The Tourist drop one of their most original albums yet
Indie |
Wednesday 8th March 2017 | Rachel
The artistic project Clap Your Hands Say Yea, designed by musician Alec Ounsworth, a multitalented one man band capable of synthy keyboard skills, strange yet charming vocals, as well as gracefully tangled guitar notes, has honed in on what he believes a Folk-Rock album should sound like.
What Ounsworth has created wouldn't have been possible if hands weren't joined by himself and producer Dave Fridmann, a producer known for his work on albums by icons MGMT, Tame Impala and The Flaming Lips.
What the pair have composed has managed to grapple at our hearts all while producing a sound that encourages listeners to twist and sway.
The Tourist has seen production elements that can only be described as desperately pretty. With tracks that are always trapped in a warm hearted melody, but are also always grounded by earthy acoustic instrumentation and chunkier bass kicks, the album is always underpinned by its rock encapsulating genre.
These textures are most evident in The Tourists' sweeping second track Better Off that has been coated in the fragrant tinkering of 80’s nostalgia plugged into its every crevice, yet is lifted in its closing notes with livelier thundering.

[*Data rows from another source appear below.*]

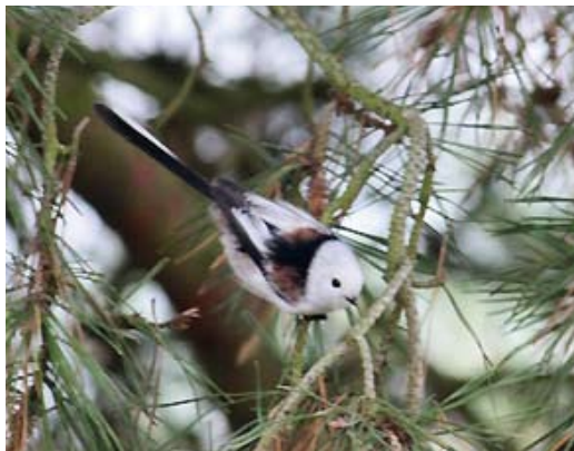
207 White-headed Long-tailed Tit / Witkopstaartmees Aegithalos caudatus caudatus , Loozerheide, Noord- Brabant, Netherlands, 29 October 2010 (Ruud Bouwman)

us (hierna europaeus ) die in West-Europa broeden. In dit artikel worden de resultaten van systematisch onderzoek beschreven. Daartoe werden alle (digitaal) met foto's gepubliceerde waarnemingen (voornamelijk van www.waarneming.nl , aangevuld met www.dutchbirding.nl en www.birdpix.nl ) bestudeerd. In totaal werden 168 caudatus vergeleken met 281 europaeus en 50 intermediaire vogels (hier als derde groep opgevat). Daarnaast werd onderzoek gedaan aan de geluiden van beide ondersoorten en bij de ringvangsten aan de biometrie.
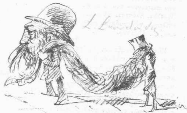
Εἰς ἀναζήτησιν ἀγοραστοῦ τῆς Κωπιδίος
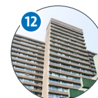
Bundesstraße 55 Geomatikum
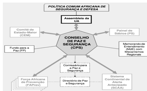
Figura 3 – Arquitetura de Paz e Segurança Africana Fonte: ESCORREGA (2010, p. 143).

Para viabilizar as pretensões da UA em segurança e defesa, a APSA conta com o Conselho de Paz e Segurança (CPS) (Figura 3), pilar central e órgão de tomada de decisões sobre a prevenção, resposta e resolução de conflitos, bem como pela coordenação de respostas rápidas e eficientes em situações de crise regionais. O CPS é apoiado nas suas tarefas por outros órgãos da APSA, nomeadamente o Comitê de Estado-Maior (CEM), o Painel de Sábios (PS), o Sistema Continental de Alerta Antecipado (SCAA), a Força Africana de Prevenção (FAP) e o Fundo para a Paz (FP). Há, igualmente, uma Arquitetura Complementar de Governo Africano, voltada para ações de incentivo à democracia e governabilidade (UA, 2015, p. 13).
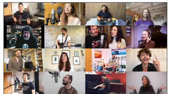
▲ Imatge del vídeo de la cançó Un Sant Jordi diferent

CI CM La diada de Sant Jordi és una festa de llibres i roses molt estimada a Catalunya. Però, és clar, aquest any no ha pogut celebrar-se com sempre. Amb el confinament, no hem pogut anar a les floristeries ni les llibreries, ni passejar entre parades al carrer. Així i tot, hi ha hagut algunes idees per poder celebrar Sant Jordi d'una altra manera.
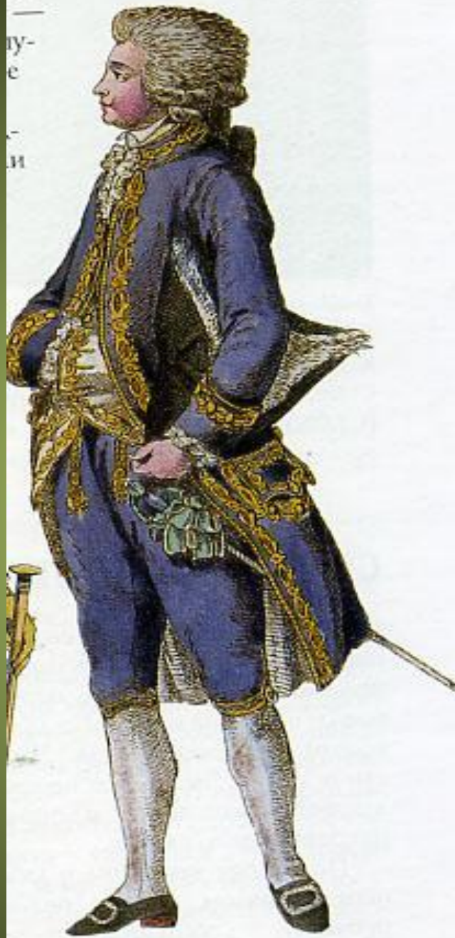
Аби — переходная форма от жюстокора и фраку. 1786 г.
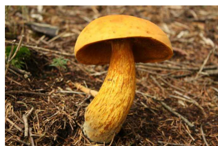
コガネヤマドリ 食毒：不明
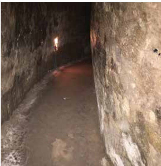
En ĉi tiuj mallarĝaj subteraj tuneloj kaŝis vjetnamaj soldatoj dum la milito
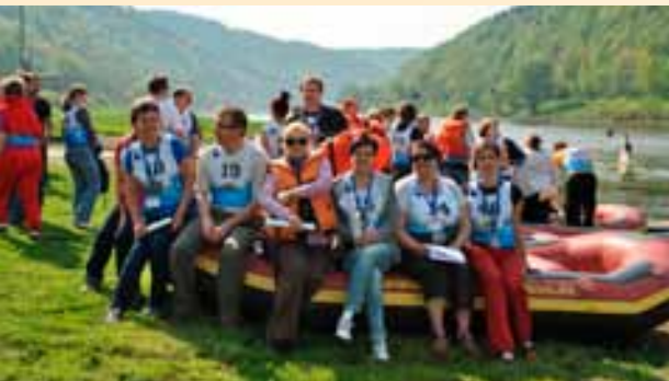
Konferencji towarzyszyły zawody sportowe.
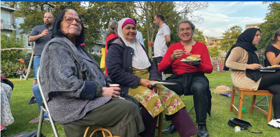
En dan ... lekker eten en ontspannen met alle vrijwilligers van Huize Middelland
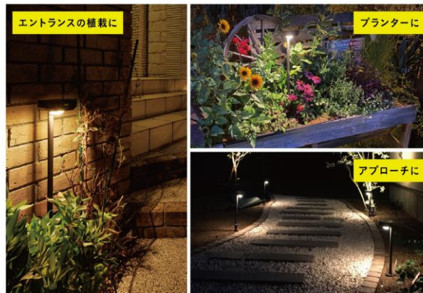
【SUNCHARGE 『花のひかり』 使用イメージ】

Likewise, this sense of rumbling acoustic folk can be heard in the album's opening track, The Pilot, before being plucked to the sky by its fluttering, synthy themes and choir like backing.
For Clap Your Hands Say Yea's sentimental fans, Ambulance Chaser drags you back to the aroma of their older material. Ambulance Chaser shares the riled up and electric excitement heard by their once most famous single The Skin Of My Yellow Country Teeth taken from their debut.
The originality that meticulously shackles each track on Clap Your Hands Say Yea's fifth album stands it as possibly their strongest attempt to date.